If pictures appear, leave them out, and return exactly the lines from the one holding "中文（台灣）: 五股交流道與周邊交流道示意圖。 This" through the last line of the listing below.

◆ **Dataset excerpt**:

>>>

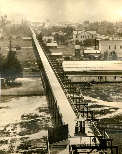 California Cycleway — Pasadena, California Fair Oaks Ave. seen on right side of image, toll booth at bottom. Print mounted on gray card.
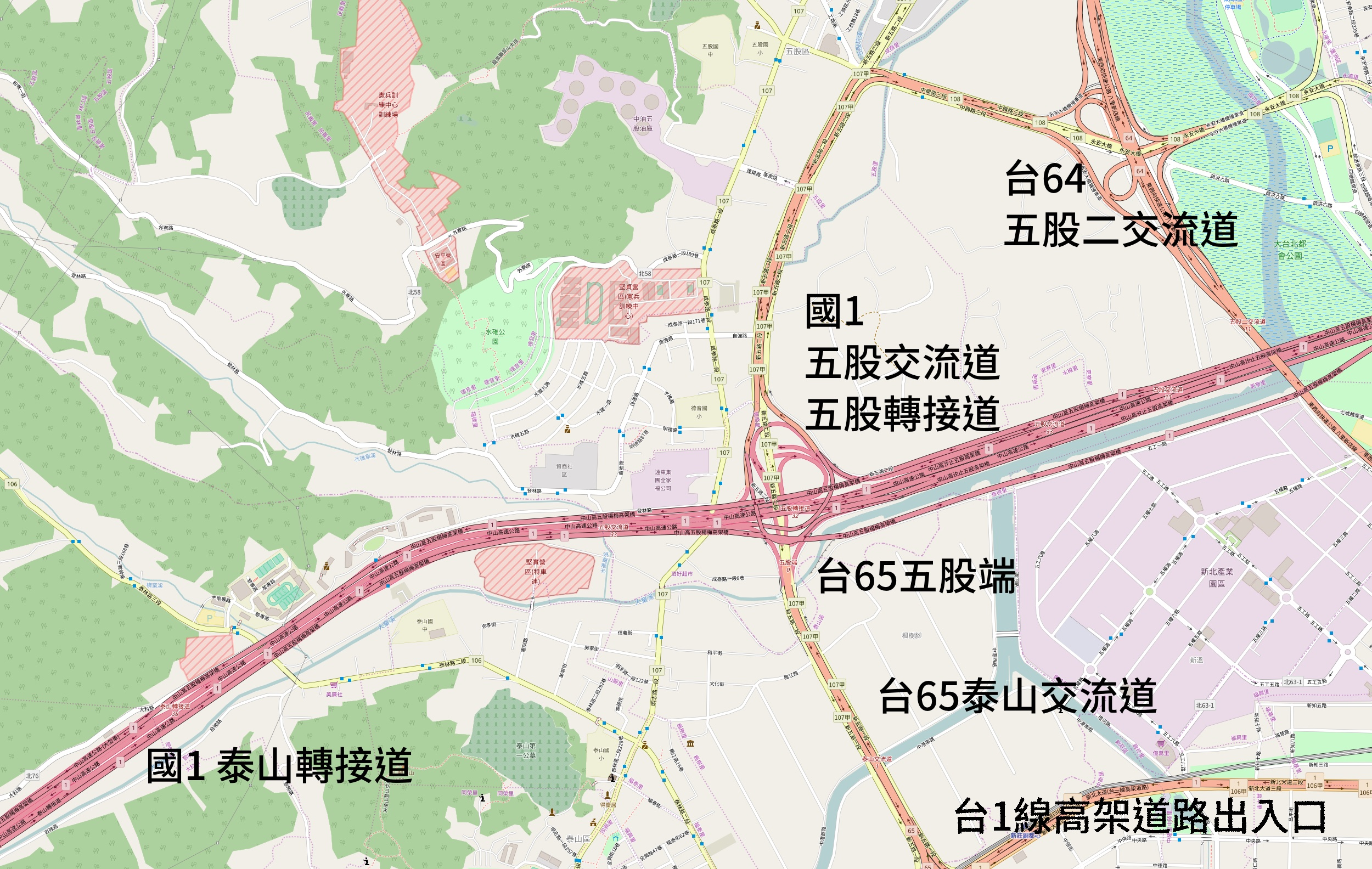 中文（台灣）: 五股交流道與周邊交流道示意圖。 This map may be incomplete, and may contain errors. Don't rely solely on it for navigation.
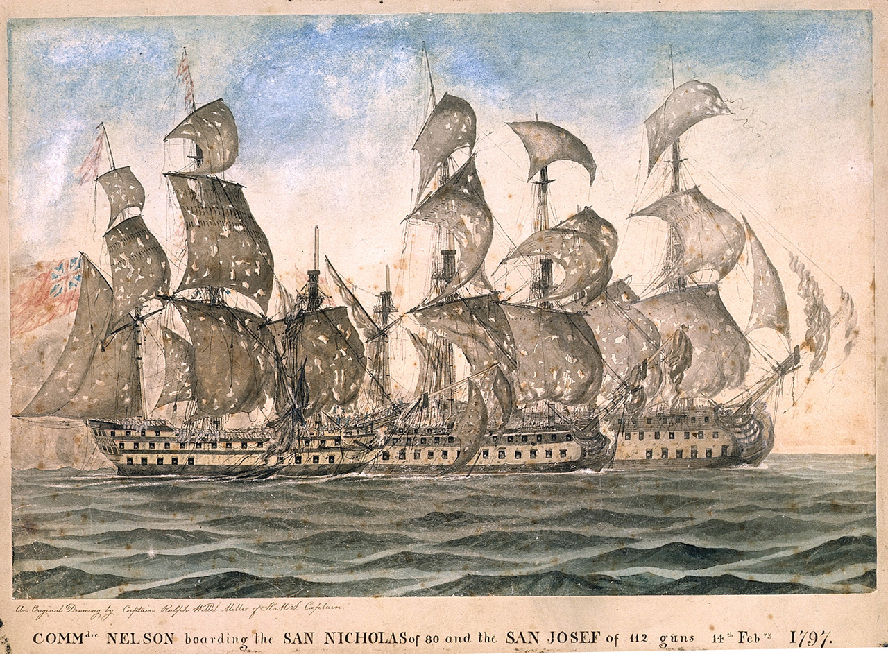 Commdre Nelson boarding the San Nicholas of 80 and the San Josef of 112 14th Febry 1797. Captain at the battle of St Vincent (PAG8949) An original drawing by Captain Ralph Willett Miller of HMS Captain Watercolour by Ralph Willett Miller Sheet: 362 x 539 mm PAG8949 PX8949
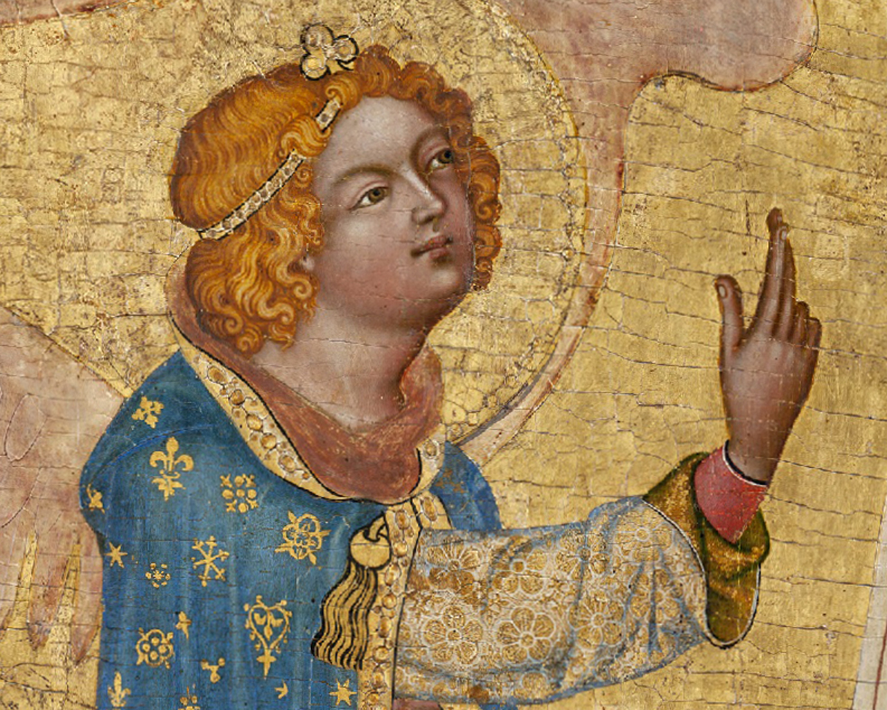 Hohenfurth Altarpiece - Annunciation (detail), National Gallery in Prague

<<<

◆ **The completed task**:
 中文（台灣）: 五股交流道與周邊交流道示意圖。 This map may be incomplete, and may contain errors. Don't rely solely on it for navigation.
 Commdre Nelson boarding the San Nicholas of 80 and the San Josef of 112 14th Febry 1797. Captain at the battle of St Vincent (PAG8949) An original drawing by Captain Ralph Willett Miller of HMS Captain Watercolour by Ralph Willett Miller Sheet: 362 x 539 mm PAG8949 PX8949
 Hohenfurth Altarpiece - Annunciation (detail), National Gallery in Prague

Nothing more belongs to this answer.